I don't know much about conformation, but I'm guessing she will need a lot of work to get her weight and muscle mass back to a good place. I will let the more knowledgeable ones cover that.

How tall is she? Has she been ridden much? Did they say why she's so underweight? What are the aspects you like as a potential purchase?


----------



## khorses23 (Jan 22, 2015)

Tihannah said:


> I don't know much about conformation, but I'm guessing she will need a lot of work to get her weight and muscle mass back to a good place. I will let the more knowledgeable ones cover that.
> 
> How tall is she? Has she been ridden much? Did they say why she's so underweight? What are the aspects you like as a potential purchase?



yes. thank you! and shes 16.1hh, hasnt been ridden much - got off the track about 2 years ago i believe, was leased to a more advanced beginner tennager who was a "trainer". owner got her back all cut up and underweight. has been sitting in a field with a few other horses, worked maybe once a week or so. i really like her for a few reasons, she just seems like a really safe, sane horse even with everything shes been through. idk, we just seem like we could potentially be a good match.


----------



## Tihannah (Apr 7, 2015)

Have you ridden her? Any more pics?


----------



## khorses23 (Jan 22, 2015)

Tihannah said:


> Have you ridden her? Any more pics?


havent met her yet and this is the only picture i have, her owner just sent it to me today. i will be getting a better video this week and showing it to my trainer, and then we will go from there.


----------



## Skyseternalangel (Jul 23, 2011)

She's 7?! She looks like a baby... not much muscle and not a lot of weight on her.

She's going to take some time to get in good condition again, and fitness.

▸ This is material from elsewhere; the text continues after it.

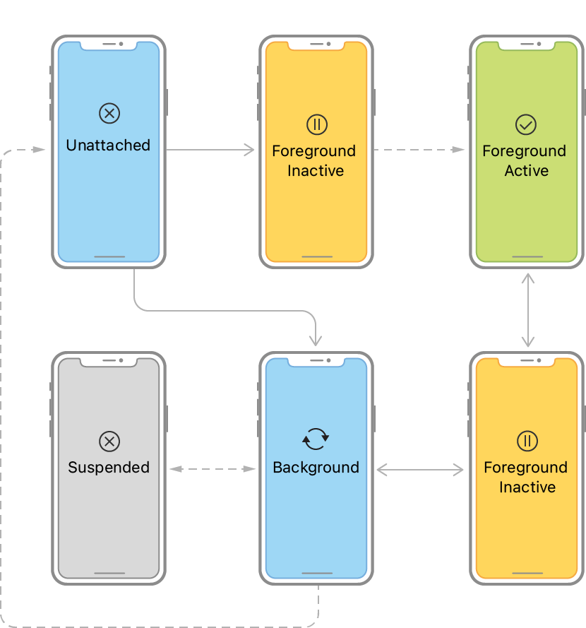 다음 그림은 AppDelegate와 관련된 상태 전환을 보여줌. 앱 실행 후, 시스템은 UI가 화면에 나타날지 여부에 따라 앱을 inActive 또는 Background 상태로 놓음. Foreground로 시작할 때, 시스템은 앱을 자동으로 active 상태로 전환함. 그 후, 상태는 앱이 종료될 때까지 active와 Background 사이에서 변동함

I don't see any glaring faults, a little steep in the croup but not much. Built slightly downhill, but not too much. Very light in bone


----------



## Knave (Dec 16, 2015)

I thought she looked like a two too!


----------



## Skyseternalangel (Jul 23, 2011)

Please make sure you vet her, I'd even go as far as a full blood panel to see if she has any health issues.


----------



## khorses23 (Jan 22, 2015)

thanks for the answers so far! 

do you think that her being a little steep in her croup would change when she gains more weight and muscle? 
how do you think her like neck looks? it almost looks a little long to me.. and her like shoulders/neck/withers look weird to me..it could just be the way the picture is and the shadows though. when my trainer watched the video she thought she looked a little ewe necked. so just curious on your opinions?


----------



## Skyseternalangel (Jul 23, 2011)

Could you share the video? I only see the photograph


----------



## khorses23 (Jan 22, 2015)

Skyseternalangel said:


> Please make sure you vet her, I'd even go as far as a full blood panel to see if she has any health issues.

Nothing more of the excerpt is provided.